Kini, Zane bukan lagi bocah lemah. Dia adalah seorang Tarker—pemeta wilayah liar yang berani menembus zona maut demi uang. Persetan dengan intrik politik kerajaan atau diskriminasi ras. Masa bodoh dengan Hewan Buas Kelas E yang mengintai di hutan.

Zane akan membakar siapapun yang menghalangi pencarian "jalan pulangnya" menuju Serra. Bahkan jika harus melawan satu republik.

Karya ini diterbitkan atas izin NovelToon Murdoc H Guydons, isi konten hanyalah pandangan pribadi pembuatnya, tidak mewakili NovelToon sendiri

Episode 12 - Yang Tertinggal di dalam Hutan

Kekacauan meledak.

Teriakan Urgon langsung menyulut api pertempuran. Faksi pengikutnya yang lebih brutal langsung menerjang maju dengan teriakan buas. Sebagian besar hanya mengandalkan kekuatan fisik dan baton usang, namun beberapa melepaskan Petrocraft atau Hydrocraft tingkat rendah.

Sang Gora mengamuk, meraung melepaskan Electrocraft miliknya.

Sebuah Kawat Kejut liar yang melompat-lompat tak terkendali, menghanguskan tanah dan menyetrum siapa saja yang bernasib sial, kawan maupun lawan. Daya-nya yang besar membuat setiap sengatan Electrocraft tingkat rendah itu terasa brutal dan mematikan.

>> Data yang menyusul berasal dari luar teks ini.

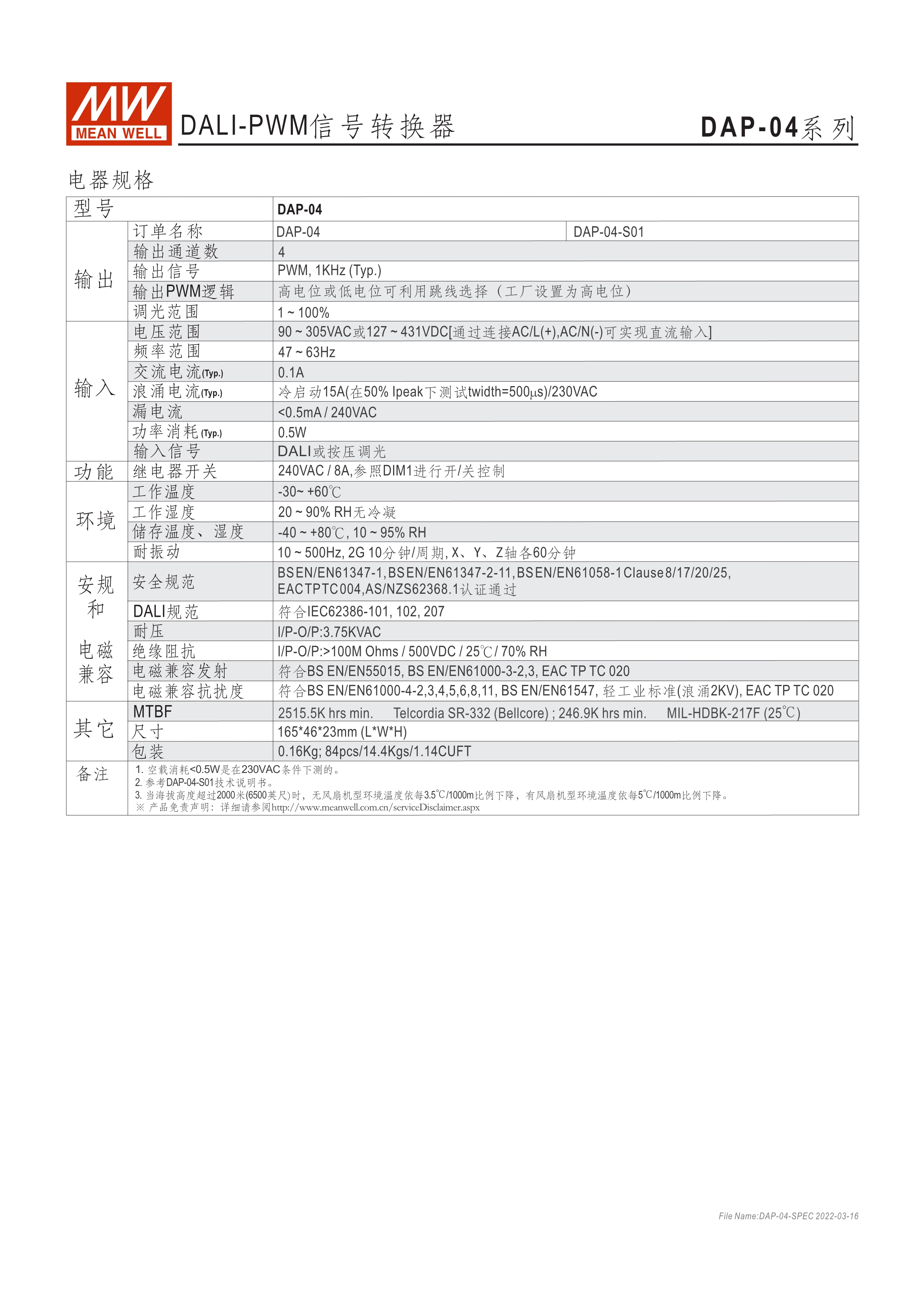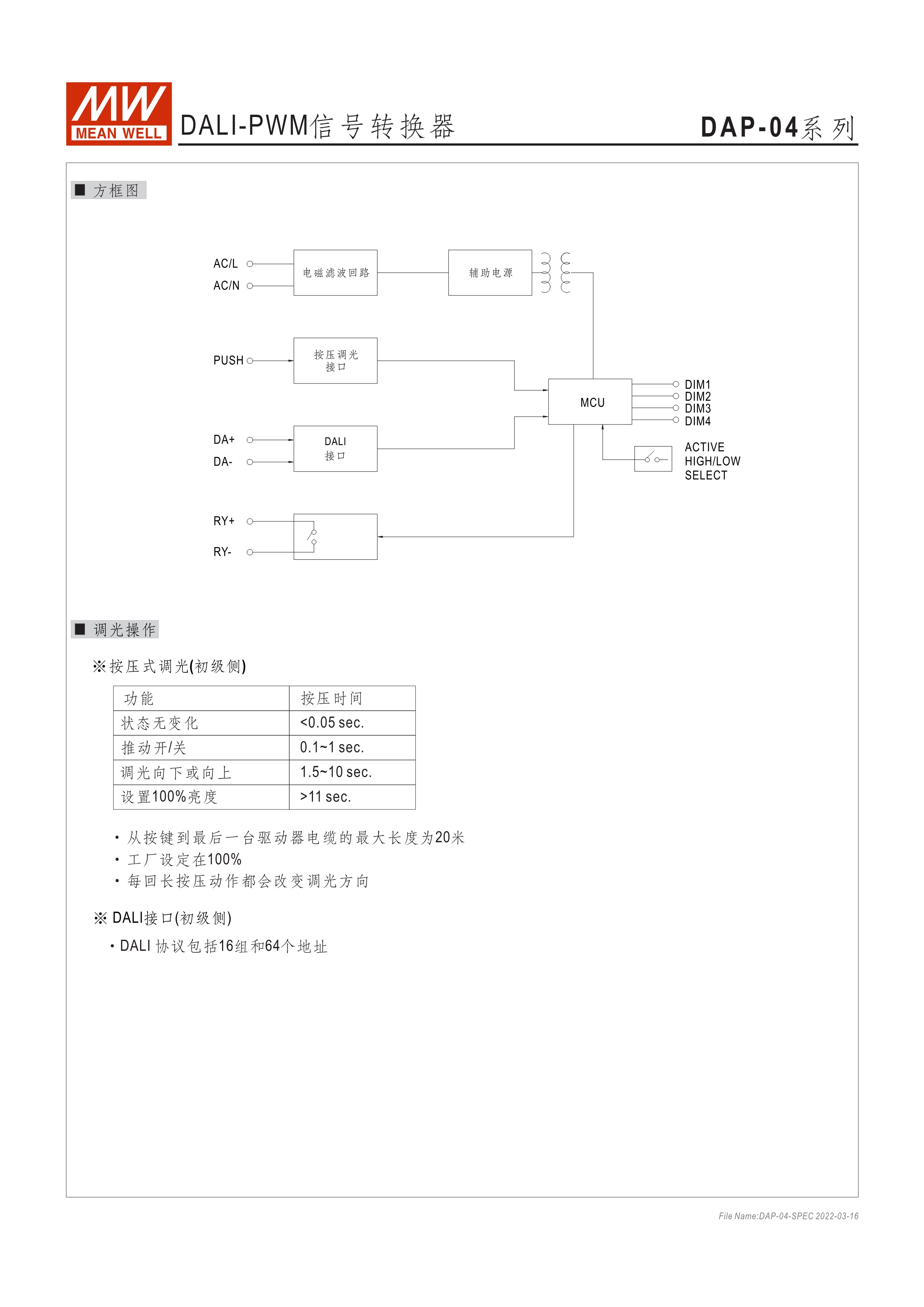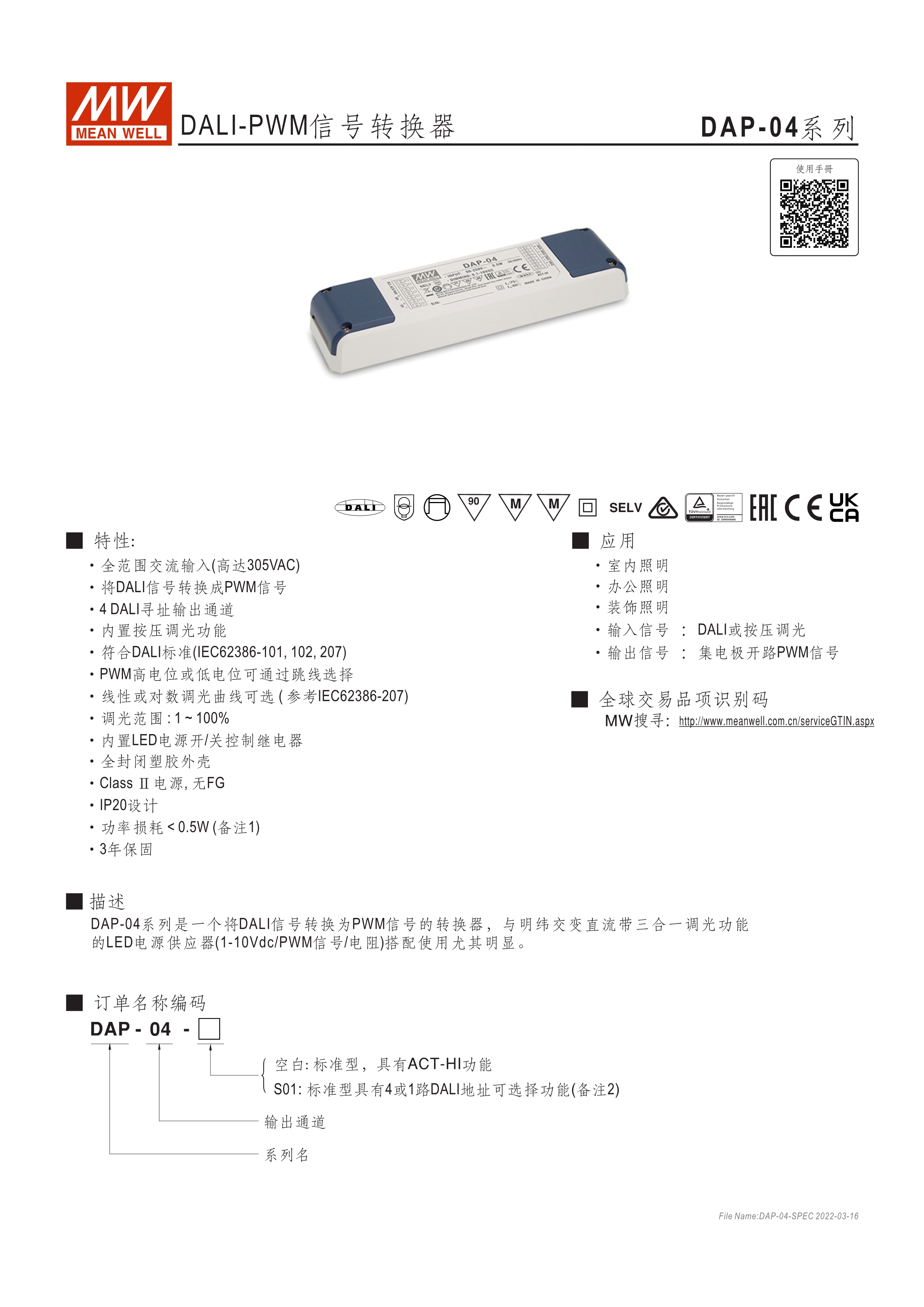 90~305VAC交流輸入 DALI訊號轉(zhuǎn)換為PWM訊號 4組DALI可尋址輸出通道 符合DALI標準(IEC62386-101, 102, 207) 適合與明緯具3合1調(diào)光功能之AC/DC LED電源供應器搭配使用

Kelompok Ewan mencoba menahan dengan perisai tanah Petrocraft, tapi tameng mereka hancur berkeping-keping di bawah gempuran Electrocraft yang membabi buta itu.

Di tengah keributan itu, sebuah Lontaran Tanah berukuran besar yang jelas salah sasaran, melayang tak terkendali dan menghantam dinding sel kayu kami.

BRAKK!

Dinding lapuk itu hancur. Seorang bandit dari faksi Urgon ikut terlempar masuk, berguling di tanah sel.

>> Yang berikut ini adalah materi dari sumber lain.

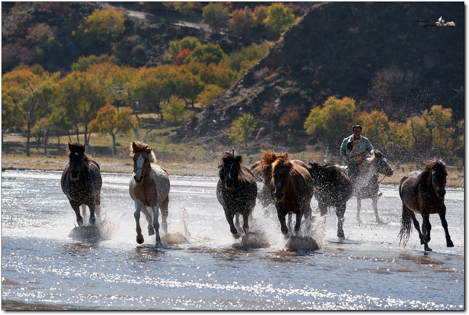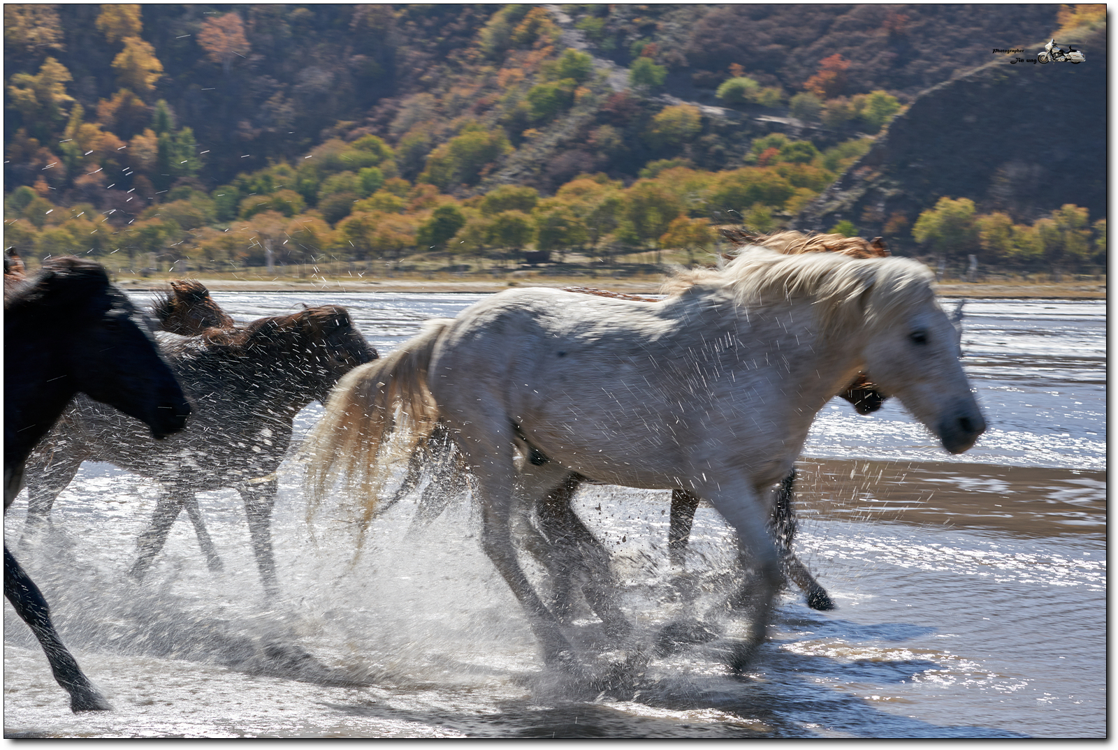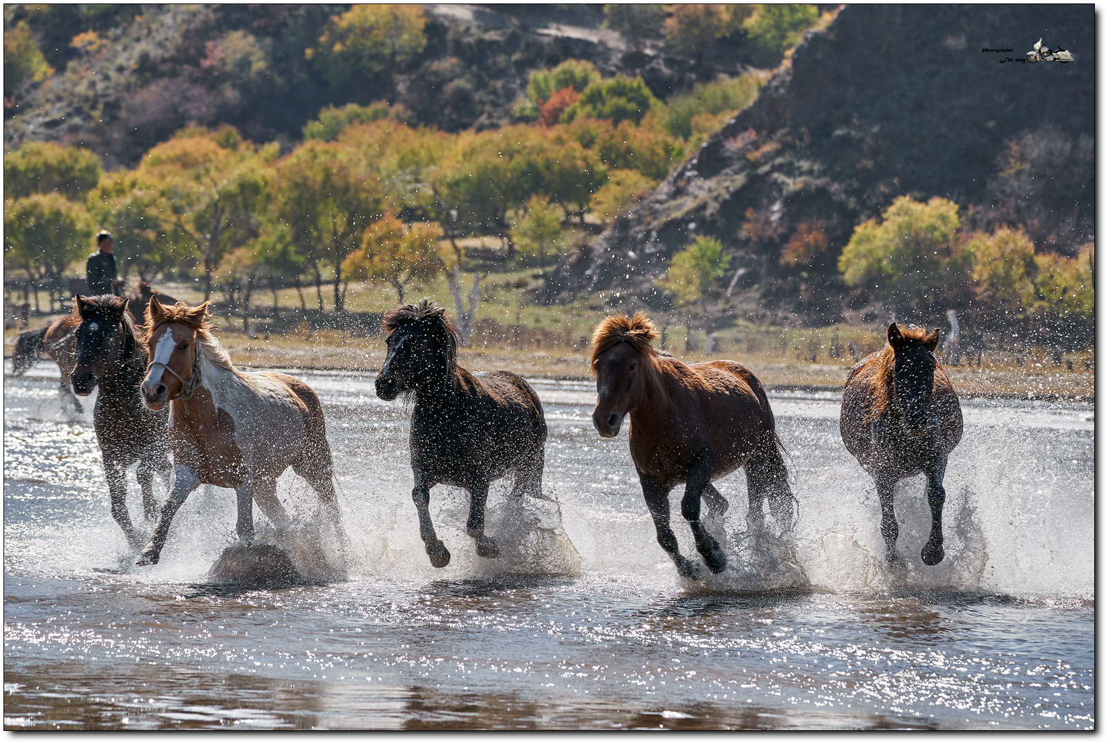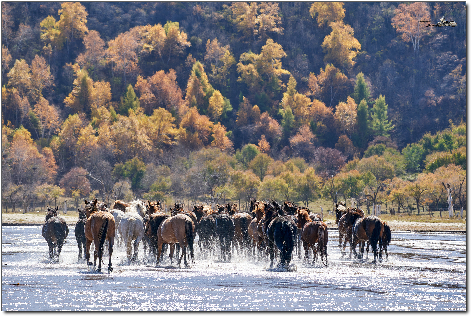 저 멀리 언덕의 자작나무등 단풍이 역광에 빛나고, 말발굽 아래 부서지는 햇빛이 찬란합니다.

Tanpa pikir panjang, aku menghantamkan lututku ke kepalanya. Ia pingsan seketika. Aku segera menyambar pisau belati yang tersemat di pinggangnya.

Fiora, tampak kaget karena tiba-tiba ikatan tali di tanganku sudah lepas. "Fiora, kemari!"

Dengan gerakan cepat, aku memotong ikatan Fiora dan tiga pedagang lainnya.

"TAHANAN LEPAS!" teriak salah satu bandit yang melihat kami dari balik reruntuhan dinding.

Sebuah proyektil Hydrocraft melesat ke arah kami.

Tepat sebelum mengenai Fiora, sesosok tubuh yang sedang bertarung tak jauh dari sana, melompat ke depannya. Itu Ewan, menangkis serangan itu dengan batonnya.

"PERGI FIORA!! LARI SEKARANG!!" teriaknya, sebelum ia kembali disibukkan oleh serangan dari dua bandit lain.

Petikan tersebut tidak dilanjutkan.